Monday, June 22, 2009

White House Press Corps Struggles to Maintain Objective Distance from President While Sharing His Teleprompter

Washington, D.C.--An overwhelmingly left-leaning press has always found it difficult to maintain the sort of distance from a Democratic President required for objective news coverage. But media insiders say the relationship between the media and the President is becoming “more complicated than ever” now that the White House press corps shares Obama’s teleprompter.

“When the media and the President share a common vision, it only makes sense that they share the same teleprompter feed,” said one media critic. “But we’ve seen too many instances where reporters and the President finish each other’s sentences.”

News producers admit that while being so close to the President makes it easier to make campaign donations, it does have its drawbacks.

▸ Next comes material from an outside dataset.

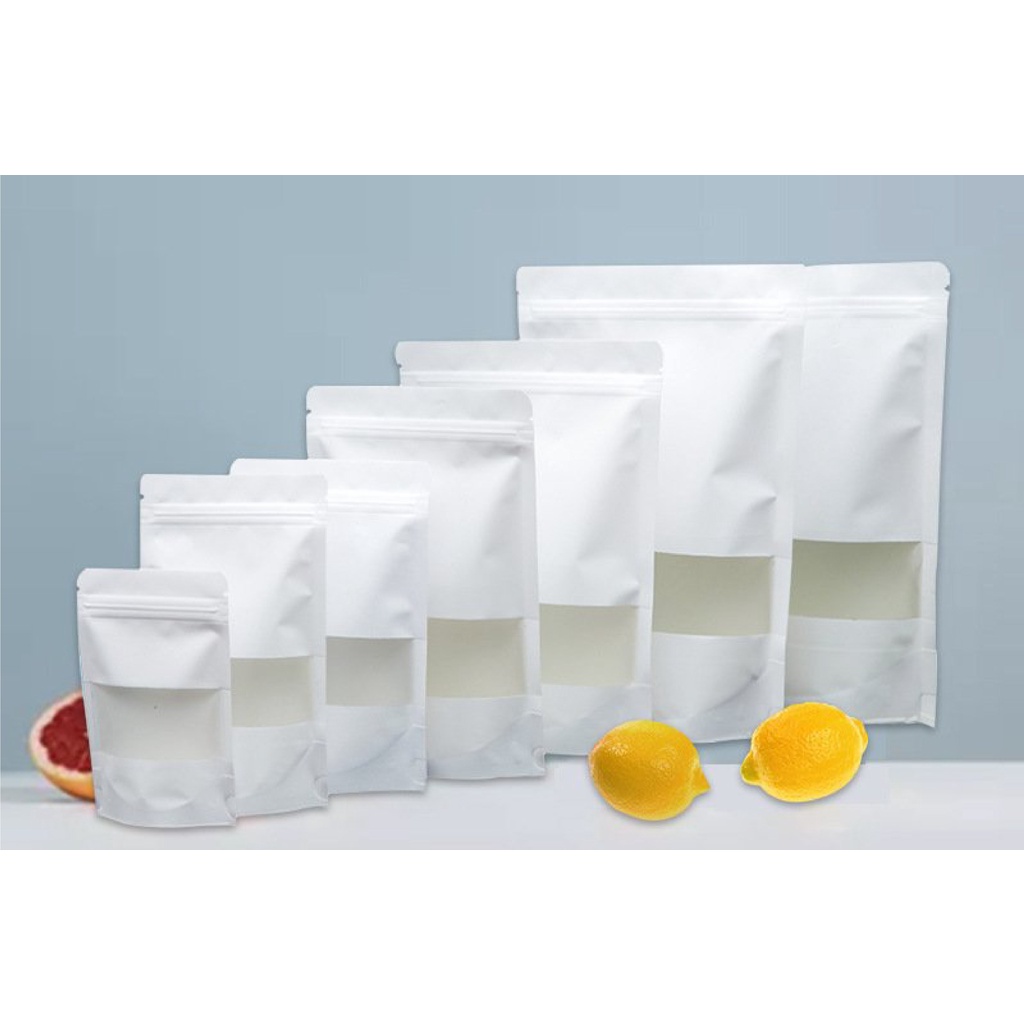 Giới thiệu 50 cái túi zip đựng thực phẩm giấy trắng nhám có cửa sổ đáy đứng

For example, during a recent ABC News special that was broadcast from the White House and touted Obama’s health care plan, viewers watched as anchor Charlie Gibson uttered Obama’s trademark “uhm’s” and “er’s” while he and the President struggled to read from the same teleprompter screen. They eventually butted heads.

“It was an awkward moment,” said one studio technician. “It got even worse when Gibson seized the opportunity and gave the President a quick peck on the cheek.”

Media analysts acknowledged that a shared teleprompter raises some technical issues, but dismissed concerns based on journalism ethics.

“The media does its job when it reports the news accurately,” said one source. “And there’s no better way to ensure that’s done than by reading directly from the President’s teleprompter.”